To do:
Please output, exactly and without pictures, the lines from the opening of the listing below through the line containing "2 Vintage 1969", both included.

Provided information:
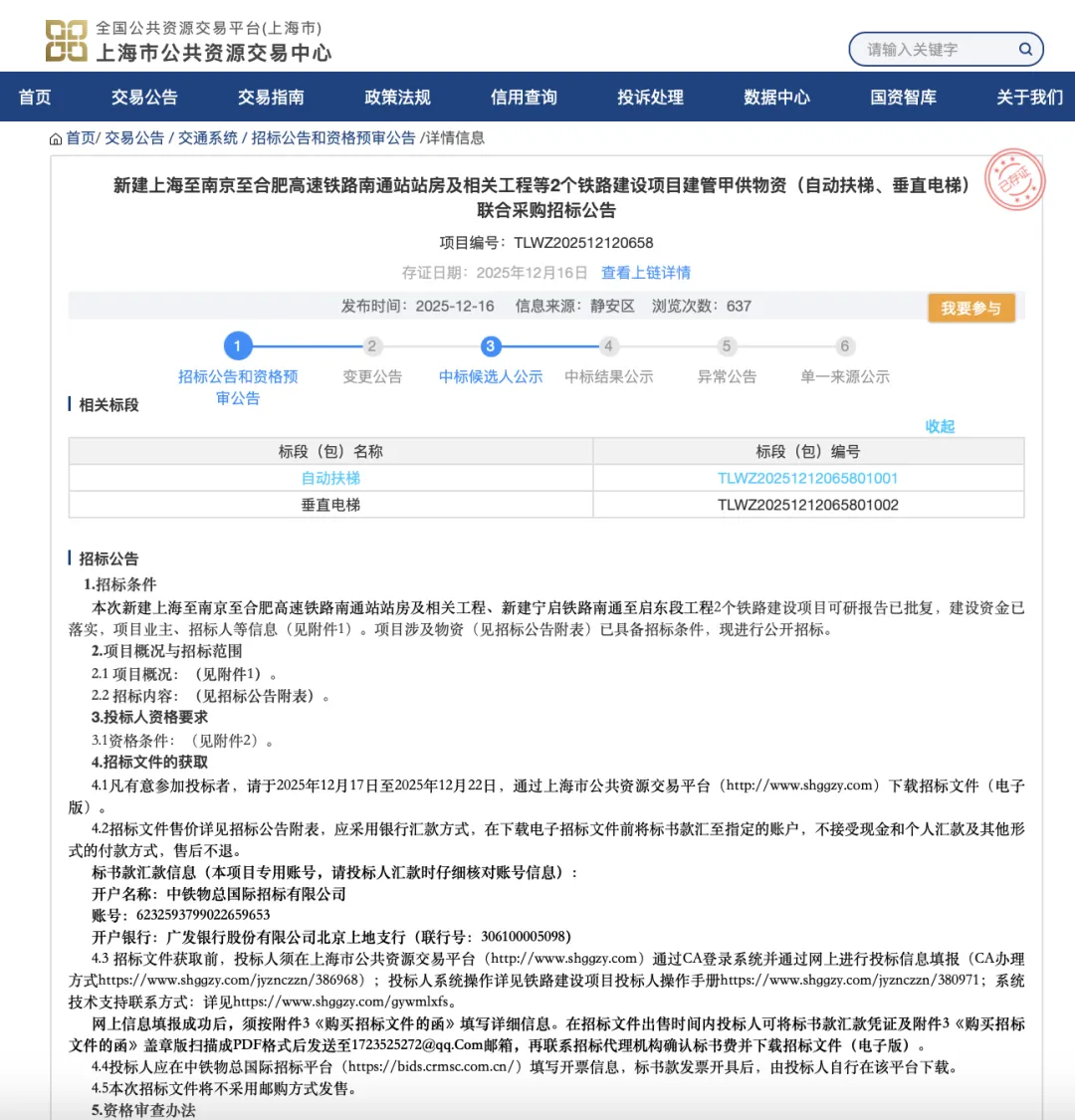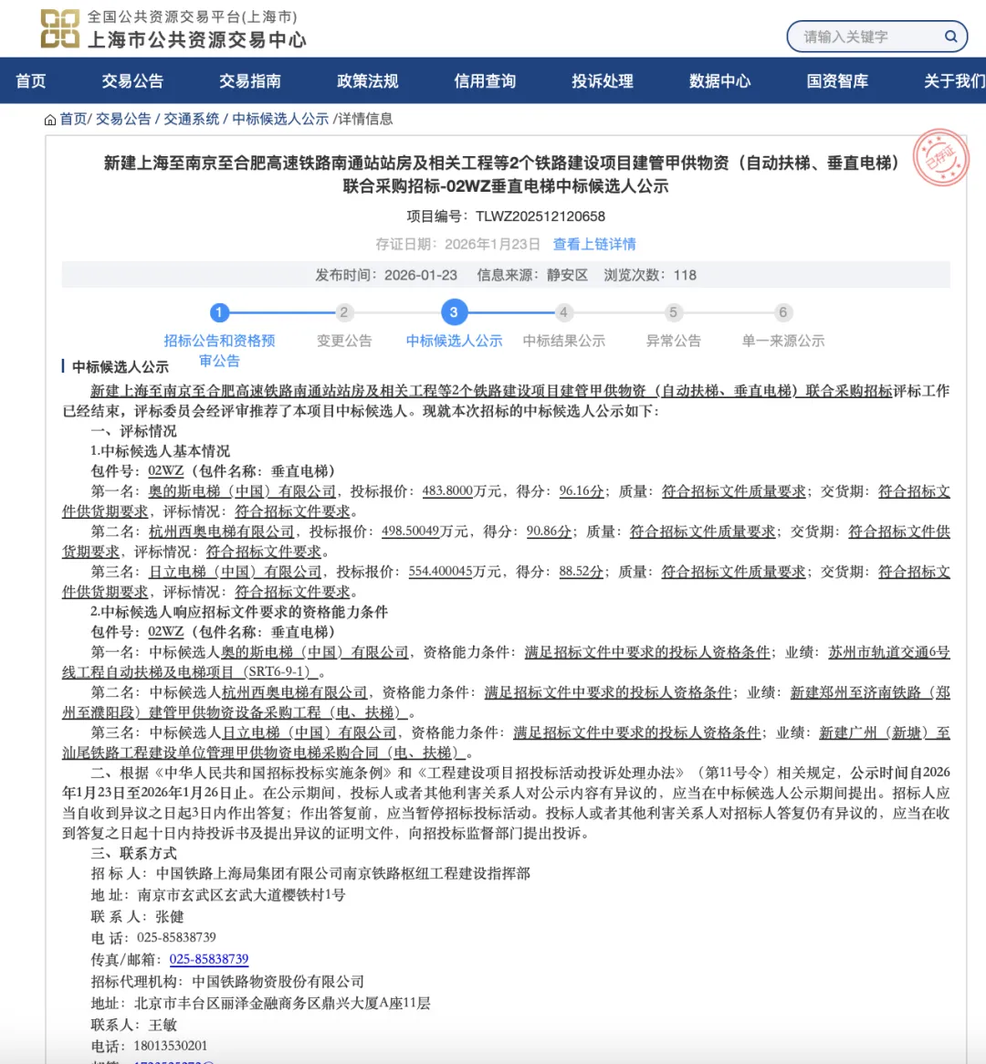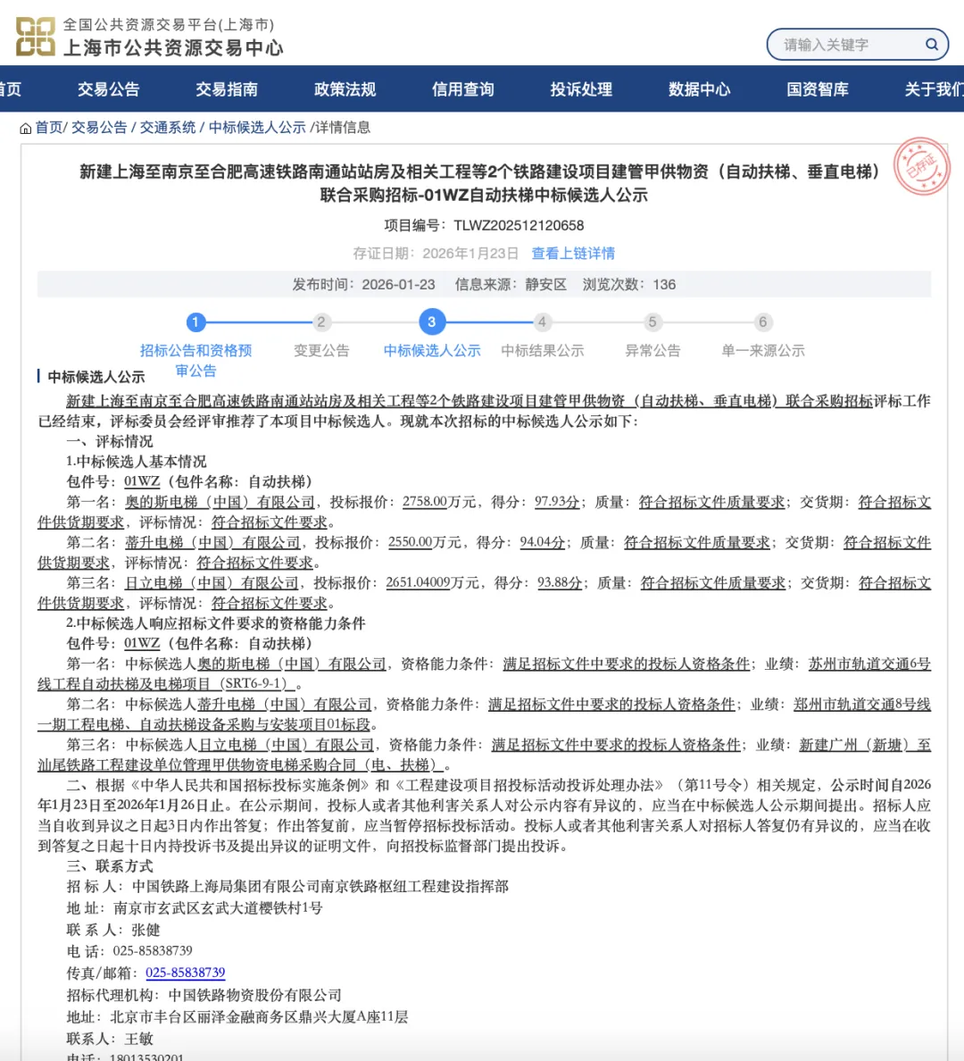 招标人:中国铁路上海局集团有限公司南京铁路枢纽工程建设指挥部项目名称:新建上海至南京至合肥高速铁路南通站站房及相关工程等2个铁路建设项目建管甲供物资(自动扶梯、垂直电梯)联合采购2025年12月16日在上海市公共资源交易中心挂网招标现在的结果已经公示出来了,由于招标人的名称和中标供应商的名称,有必要先来回顾一个2025年7月的项目招标人中国铁路上海局集团有限公司南京铁路枢纽工程建设指挥部,采购需求为13台直梯,最终奥的斯中标,成交金额339万元之前的中标与之后的中标只是因为招标人和中标人相同所以来回顾一下,至于前后有什么关联没有信息可以直接推断,如果真的有关联,也只能说明奥的斯在南京西站这个项目上的服务表现应该很好2026年1月23日两个项目的中标候选人结果公示发布项目的招标文件需要购买才能看到,通过项目的招标公告和中标候选人公示的内容,没有发现有兼投不兼中的规则,如此,奥的斯应该同时拿下扶梯和垂直梯两个标奥的斯(2758万元)得分:97.93分
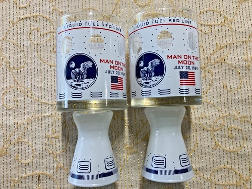 2 Vintage 1969 Apollo 11 Moonshot Man on the Moon Glass Tumblers Neil Armstrong
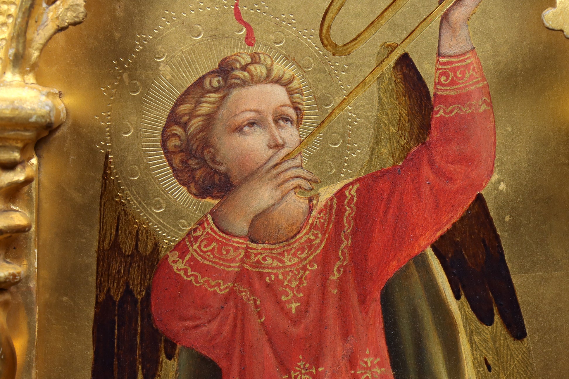 A pair of Florentine paintings of musical angels, dating to the second half of the 19th century. Oil on gilt panels and presented in their original and ornate gothic gilt frames. Each painting depicts an angel with a trumpet, one dressed in red robes and the other in green. These fine quality paintings are faithful 19th century renditions after Fra Angelico, the originals painted during the 15th century. These are a highly decorative pair of paintings with their gothic style architectural/tabernacle frames. One of the paintings has an old Alfredo Candida & Co label on the reverse.
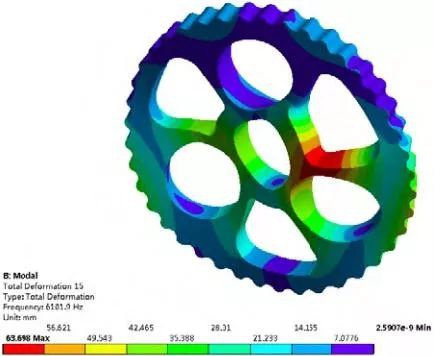 由于低階振型對結構的影響最大,本文在0~2000 Hz 范圍內找到了 673.19 Hz、755.95 Hz、932.35 Hz、1489.7 Hz、1719.1 Hz、1733.2 Hz 的 6 階主振型,因此在對 RV 減速機進行設計或選擇與之配合使用的電機時應該避開這些頻率,以避免共振現象的發生。由振型云圖可以看出:擺線輪的變形主要發生在擺線輪廓處和各孔位之間的連接處,因此在設計時可以適當提高變形較大處的剛度,減少變形過大帶來的結構損傷。
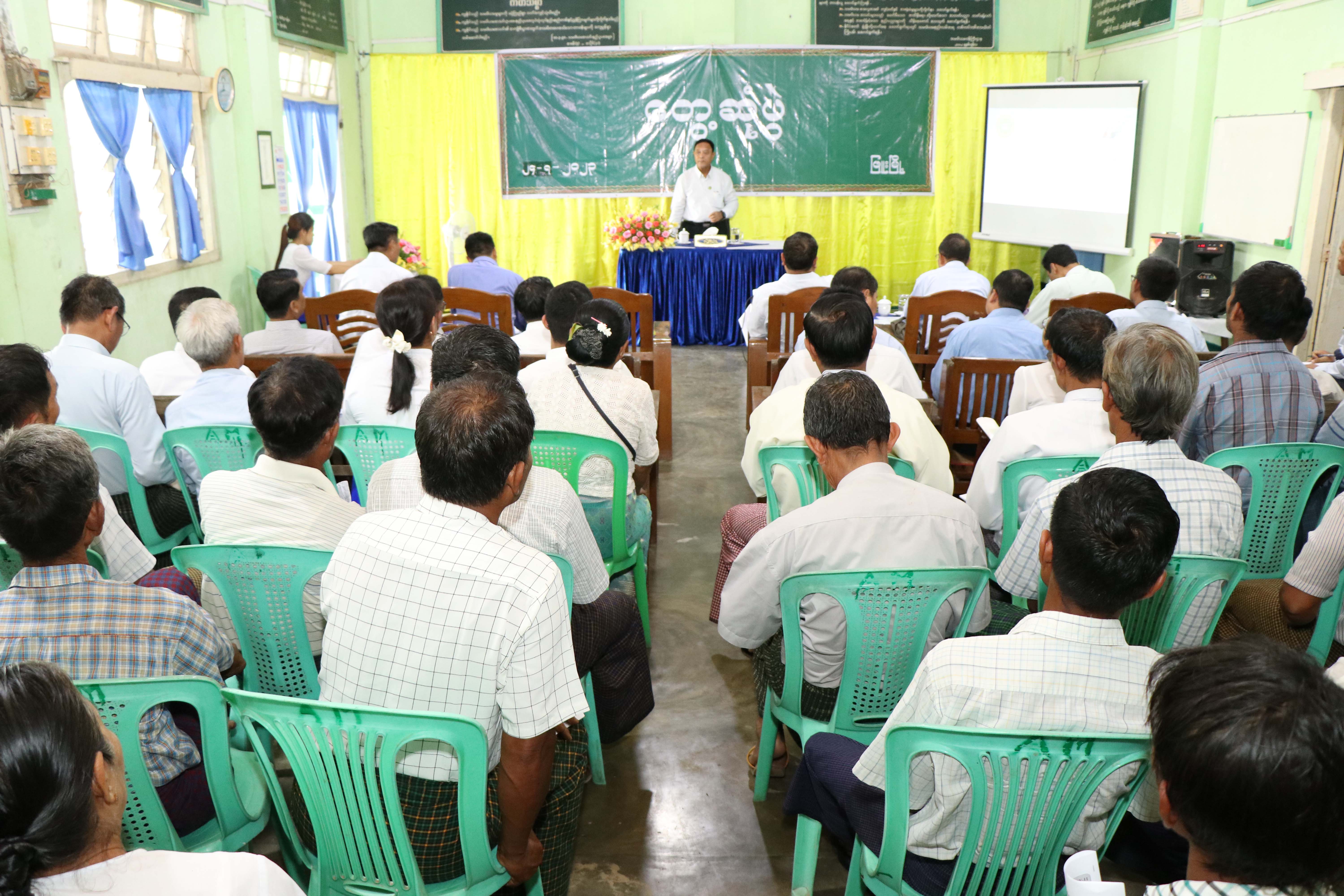 ဦးစွာ ပြည်ထောင်စုဝန်ကြီးနှင့်အဖွဲ့သည် ပဲခူးတိုင်းဒေသကြီး၊ ရေတာရှည်မြို့နယ် သပြေ တန်းကျေးရွာရှိ ယွန်းလျှံ လယ်ယာအထောက်အကူပြုစခန်းသို့ ရောက်ရှိပြီး နိုင်ငံ့စီးပွားမြှင့်တင်ရေး ရန်ပုံငွေဖြင့် မိုးစပါးစိုက်ပျိုးမည့် သမဝါယမအသင်းသား တောင်သူများ၊ တာဝန်ရှိသူများ နှင့်တွေ့ဆုံ ကာမိုးစပါး စိုက်ပျိုးရေးလုပ်ငန်းများ အတွက် လိုအပ်သည့် မျိုး၊ သွင်းအားစု၊ နည်းပညာ၊ အရင်းအနှီးများ ထောက်ပံ့ပေးလျက်ရှိပြီး အမှန်တကယ် ဆောင်ရွက် လိုသူများဖြင့် သမဝါယမအသင်းအဖွဲ့များဖွဲ့စည်း၍ အောင်မြင်အောင် ဆောင်ရွက်ကြရမည်ဖြစ်ကြောင်း၊ အသင်းသားတောင်သူများအနေဖြင့် အထွက်တိုးမျိုးစပါးများ စိုက်ပျိုးခြင်းဖြင့် ပန်းတိုင်အထွက်နှုန်းတိုးကာ ဝင်ငွေတိုးပွားလာ မည် ဖြစ်ကြောင်း၊ လုပ်ငန်းများ အောင်မြင်ရေးအတွက် သက်ဆိုင်ရာ တာဝန်ရှိသူများက ကြီးကြပ် ကွပ်ကဲဆောင်ရွက်သွားရမည်ဖြစ်ကြောင်း ပြောကြားပြီး လုပ်ငန်းလိုအပ်ချက်များကို ပေါင်းစပ် ဖြည့်ဆည်း ဆောင်ရွက်ပေးကာ ဂရိတ်ဝေါစိုက်ပျိုးရေးကုမ္ပဏီ၏ အထွက်တိုးမျိုးစပါးများ ခင်းကျင်းပြသထားမှုကို ကြည့်ရှု အားပေးသည်။
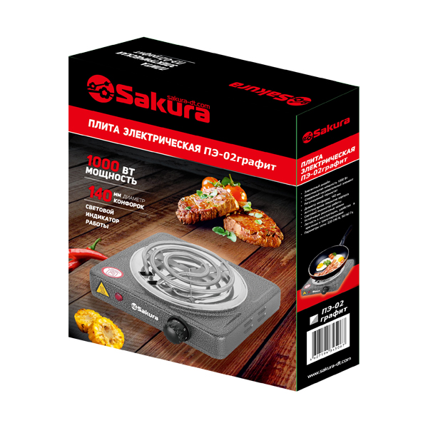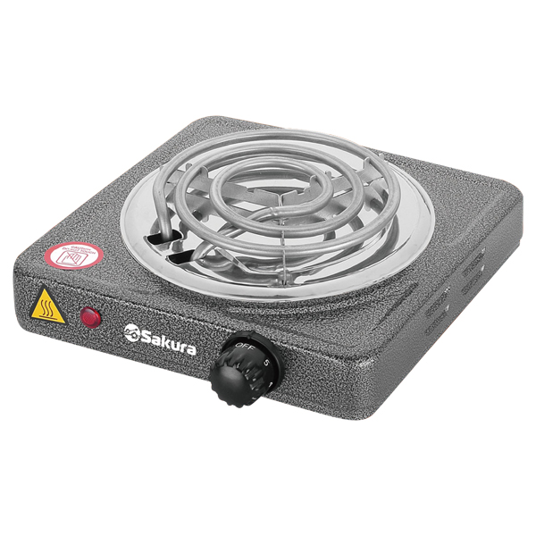 Мощность 1000 Вт, 1 конфорка 140 мм, антипригарное эмалевое покрытие, спиральный нагревательный элемент, регулируемый термостат, индикатор работы, цвет корпуса: графит.
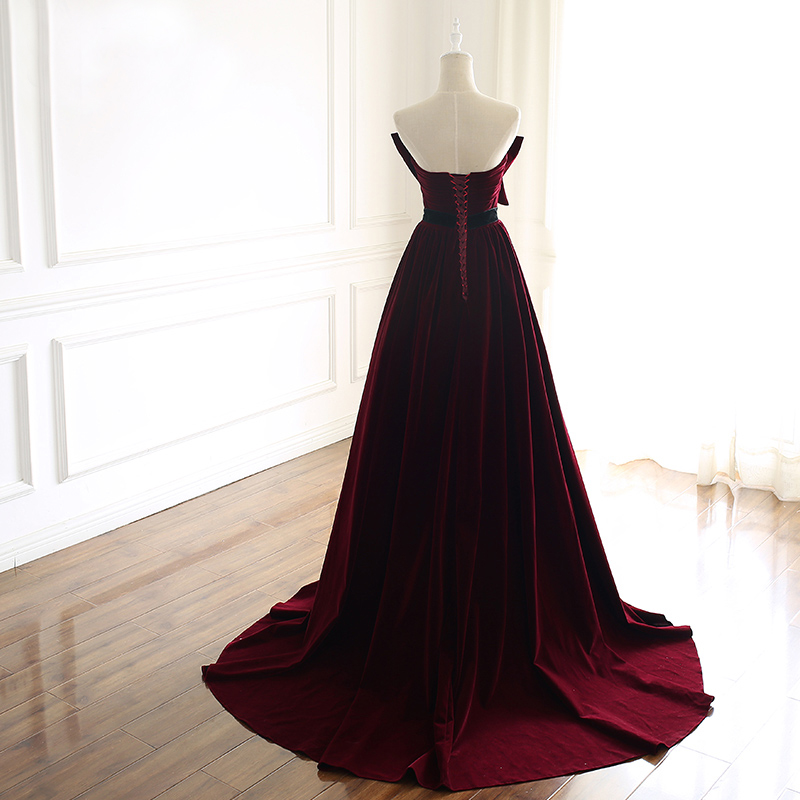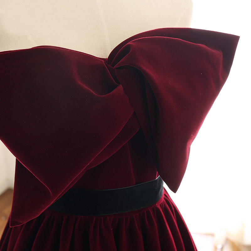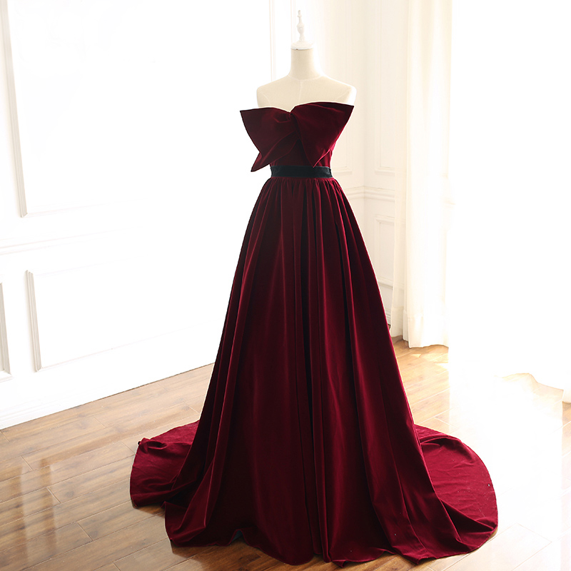 Elegant A-Line Strapless Burgundy Prom Dresses Cheap Pleated Skirt with Big Bow Velvet Prom Dress Lace Up Back Ladies Evening Gowns

Task answer:
 招标人:中国铁路上海局集团有限公司南京铁路枢纽工程建设指挥部项目名称:新建上海至南京至合肥高速铁路南通站站房及相关工程等2个铁路建设项目建管甲供物资(自动扶梯、垂直电梯)联合采购2025年12月16日在上海市公共资源交易中心挂网招标现在的结果已经公示出来了,由于招标人的名称和中标供应商的名称,有必要先来回顾一个2025年7月的项目招标人中国铁路上海局集团有限公司南京铁路枢纽工程建设指挥部,采购需求为13台直梯,最终奥的斯中标,成交金额339万元之前的中标与之后的中标只是因为招标人和中标人相同所以来回顾一下,至于前后有什么关联没有信息可以直接推断,如果真的有关联,也只能说明奥的斯在南京西站这个项目上的服务表现应该很好2026年1月23日两个项目的中标候选人结果公示发布项目的招标文件需要购买才能看到,通过项目的招标公告和中标候选人公示的内容,没有发现有兼投不兼中的规则,如此,奥的斯应该同时拿下扶梯和垂直梯两个标奥的斯(2758万元)得分:97.93分
 2 Vintage 1969 Apollo 11 Moonshot Man on the Moon Glass Tumblers Neil Armstrong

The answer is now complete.